### LISTED RECORDS ###

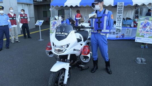 茨城県警察本部から、パトカーと白バイを展示!
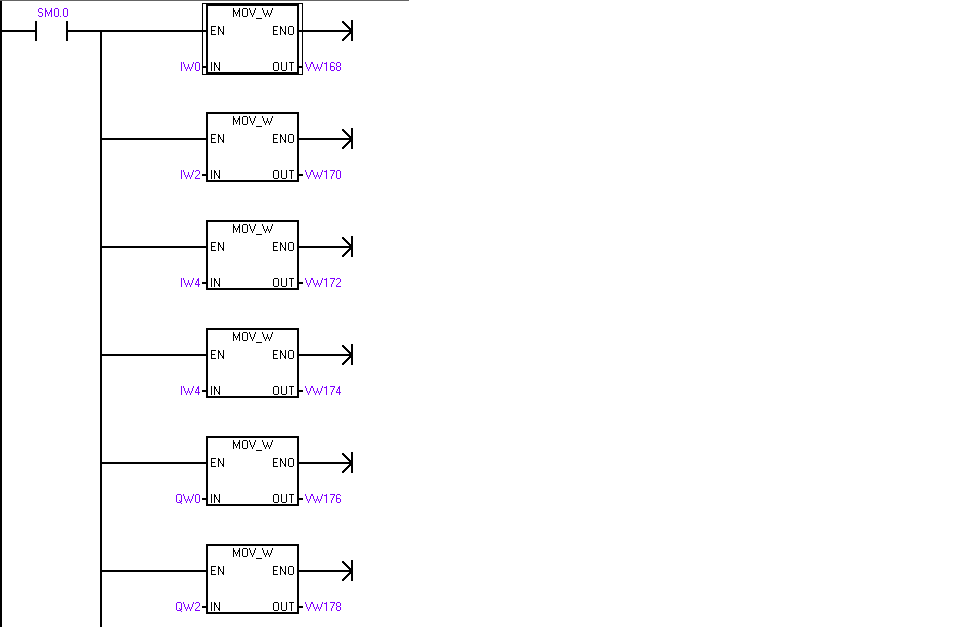 是輸入信號IW0   指I0.0到i1.7    16個點的信號,傳送到
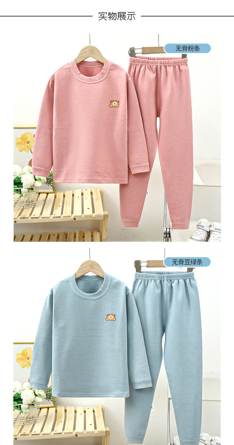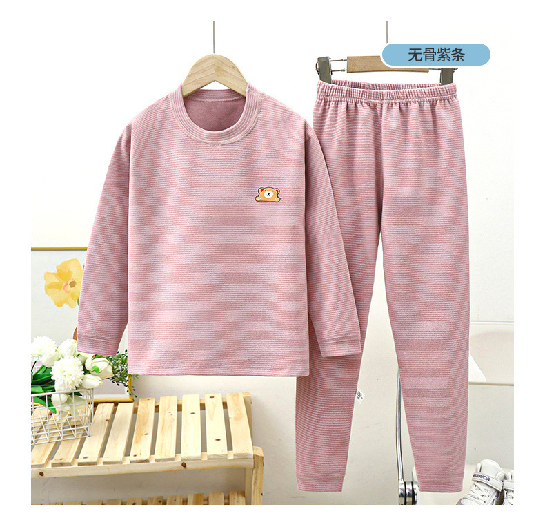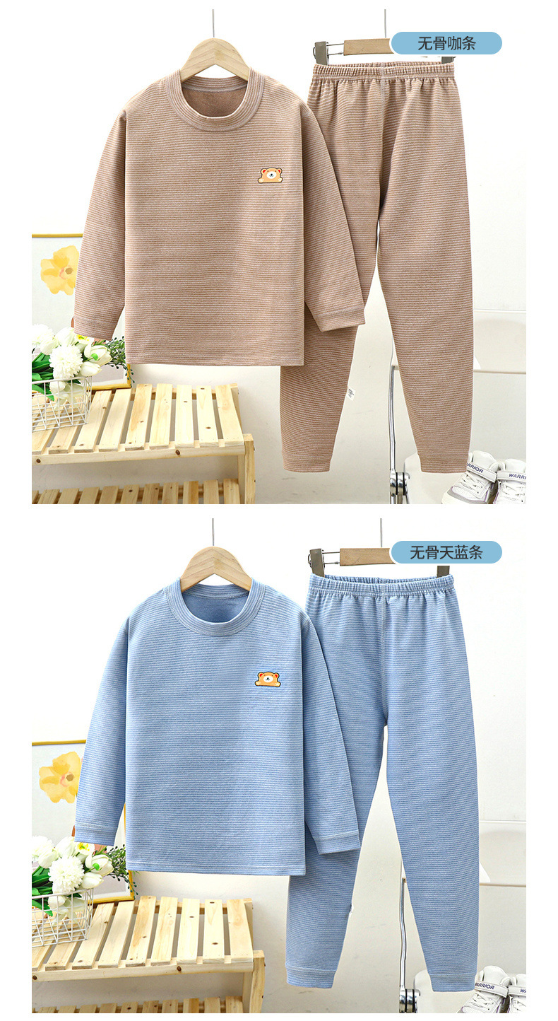 어린이 뼈없는 벨벳 중고 칼라 새 가을 옷과 바지 세트 남녀 줄무늬 두꺼운 열 속옷 세트스토어 가기
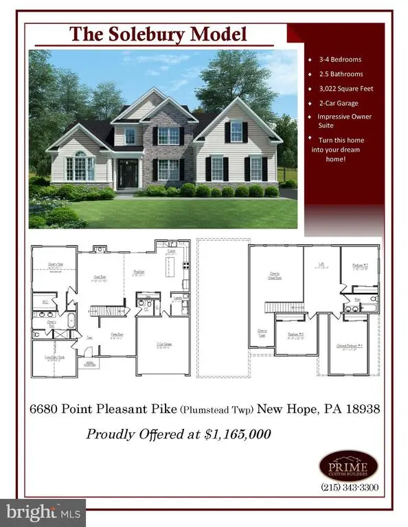 Don't just dream of your perfect home make it a reality. Prime Custom Builders, a premier home builder in Bucks County is ready to work with you to create the perfect place to call home. With numerous designs and customization options, along with exceptional craftsmanship and attention to detail, Prime will incorporate your ideas into a one-of-a-kind retreat. This 3.14 acre lot is a rarity these days in Bucks - a level lot providing privacy with a beautiful pond fed by a small creek and stocked with fish; a relaxing spot for morning coffee or to unwind after a hectic day. Build your home close by and enjoy nature and the beautiful views. This is an ideal location between New Hope and Doylestown, providing easy access to the unique shops, dining, theatre and cultural events that draw people to Central Bucks year after year. Call today for an appointment and make your dream come to life.
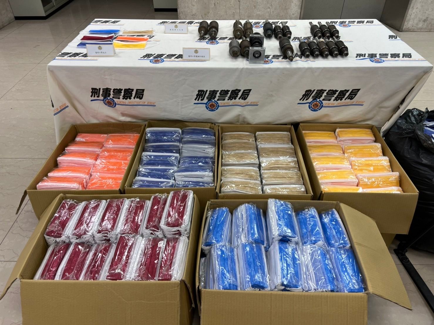刑事局表示,44歲姚姓女子等8人疑似於台中市潭子區設立地下口罩工廠,私設產線製造醫用口罩,還為了躲查緝,將非法口罩成品藏放於台中市大肚區、龍井區、大安區等4處倉庫。
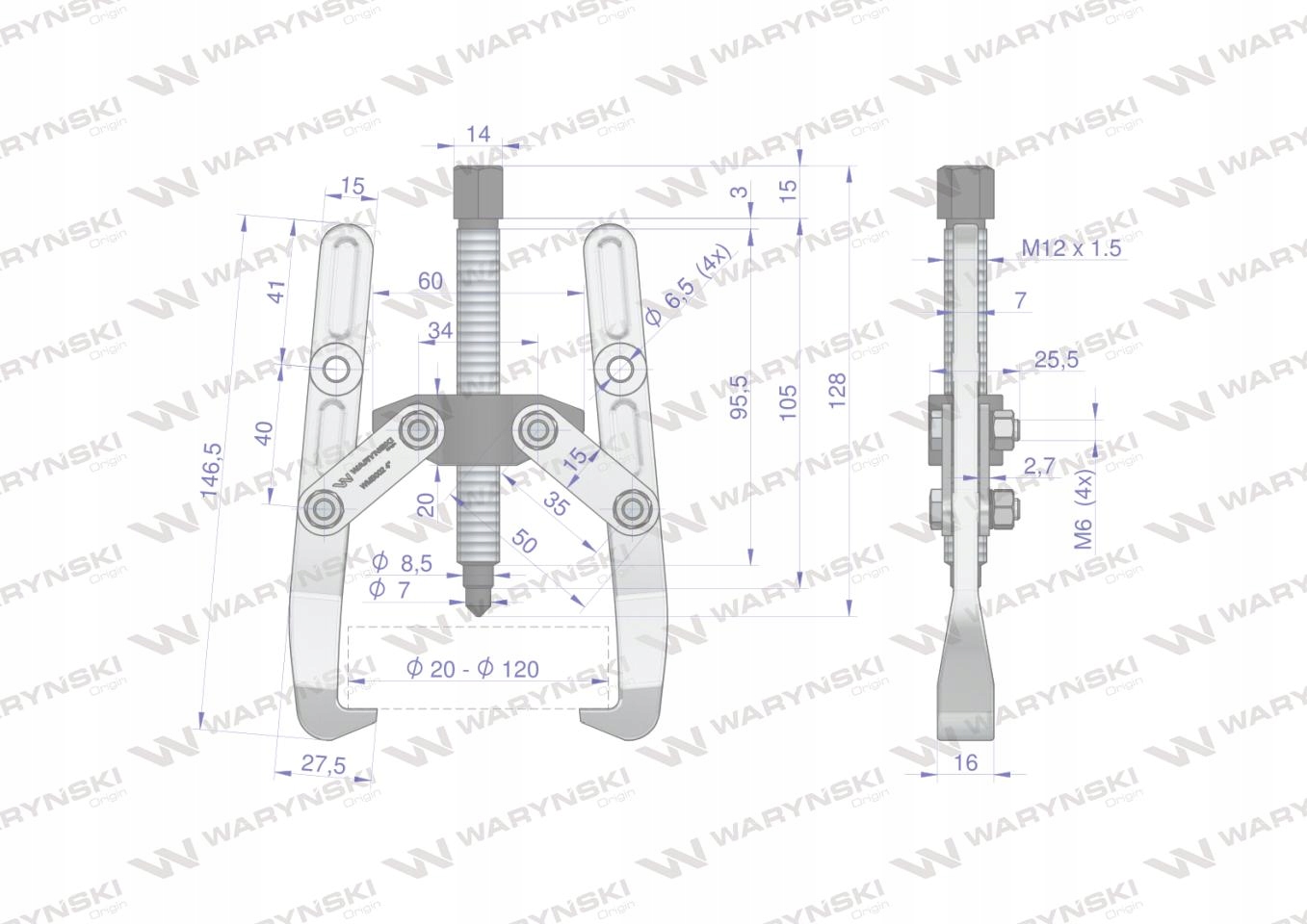 Ściągacz do łożysk dwuramienny 20-120 WARYŃSKI
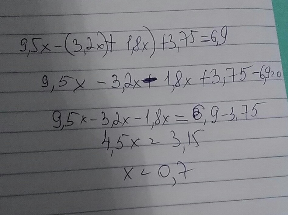 9,5x-(3,2x+1,8x)+3,75=6,9
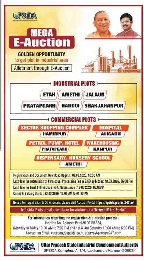 The Mega E-Auction is part of the state government’s broader push to promote industrial growth, create employment opportunities, and strengthen Uttar Pradesh’s investment landscape.
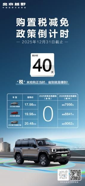 购置税免征倒计时!北京越野厂补加码,双重福利抢占购车黄金期

###

**EXERCISE OBJECTIVE:** Transcribe all of the lines above exactly as given. The pictures stay out.

**RESPONSE AREA:**
 茨城県警察本部から、パトカーと白バイを展示!
 是輸入信號IW0   指I0.0到i1.7    16個點的信號,傳送到
 어린이 뼈없는 벨벳 중고 칼라 새 가을 옷과 바지 세트 남녀 줄무늬 두꺼운 열 속옷 세트스토어 가기
 Don't just dream of your perfect home make it a reality. Prime Custom Builders, a premier home builder in Bucks County is ready to work with you to create the perfect place to call home. With numerous designs and customization options, along with exceptional craftsmanship and attention to detail, Prime will incorporate your ideas into a one-of-a-kind retreat. This 3.14 acre lot is a rarity these days in Bucks - a level lot providing privacy with a beautiful pond fed by a small creek and stocked with fish; a relaxing spot for morning coffee or to unwind after a hectic day. Build your home close by and enjoy nature and the beautiful views. This is an ideal location between New Hope and Doylestown, providing easy access to the unique shops, dining, theatre and cultural events that draw people to Central Bucks year after year. Call today for an appointment and make your dream come to life.
刑事局表示,44歲姚姓女子等8人疑似於台中市潭子區設立地下口罩工廠,私設產線製造醫用口罩,還為了躲查緝,將非法口罩成品藏放於台中市大肚區、龍井區、大安區等4處倉庫。
 Ściągacz do łożysk dwuramienny 20-120 WARYŃSKI
 9,5x-(3,2x+1,8x)+3,75=6,9
 The Mega E-Auction is part of the state government’s broader push to promote industrial growth, create employment opportunities, and strengthen Uttar Pradesh’s investment landscape.
 购置税免征倒计时!北京越野厂补加码,双重福利抢占购车黄金期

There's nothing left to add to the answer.